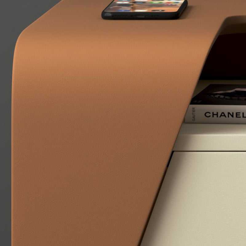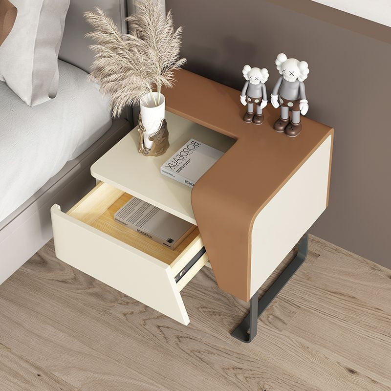 طاولة جانبية مستطيلة معاصرة من خشب الصنوبر والفولاذ الكربوني بتصميم نورديك مع درج واحد لغرفة النوم
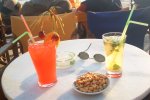 busier than any of the beached on Paros. Getting hotter we went in search of another cool drink. Dan decide to try a frappe
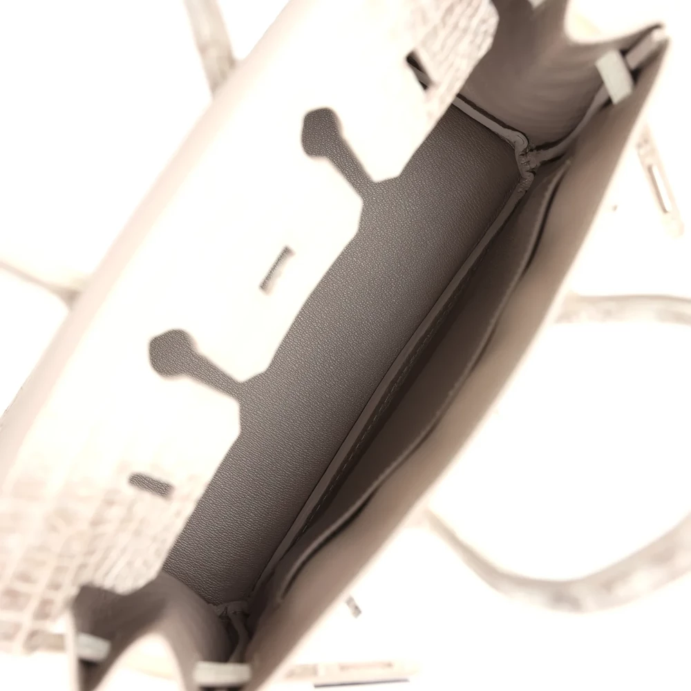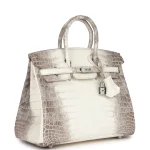 This Hermès inspired Birkin 25 features Blanc Himalayan crocodile leather with natural color variations. Palladium hardware cools the 25cm design with modern contrast. Exotic crocodile stays scratch resistant and eye catching. Compact yet fits essentials like cards and keys. Pair with metallics or neutrals for icy glamour. A winter white masterpiece.

### TO DO
Beginning with the line that holds "busier than any", output each line to the end of the material above, exactly, omitting the pictures.

### PROBLEM SOLUTION
 busier than any of the beached on Paros. Getting hotter we went in search of another cool drink. Dan decide to try a frappe
 This Hermès inspired Birkin 25 features Blanc Himalayan crocodile leather with natural color variations. Palladium hardware cools the 25cm design with modern contrast. Exotic crocodile stays scratch resistant and eye catching. Compact yet fits essentials like cards and keys. Pair with metallics or neutrals for icy glamour. A winter white masterpiece.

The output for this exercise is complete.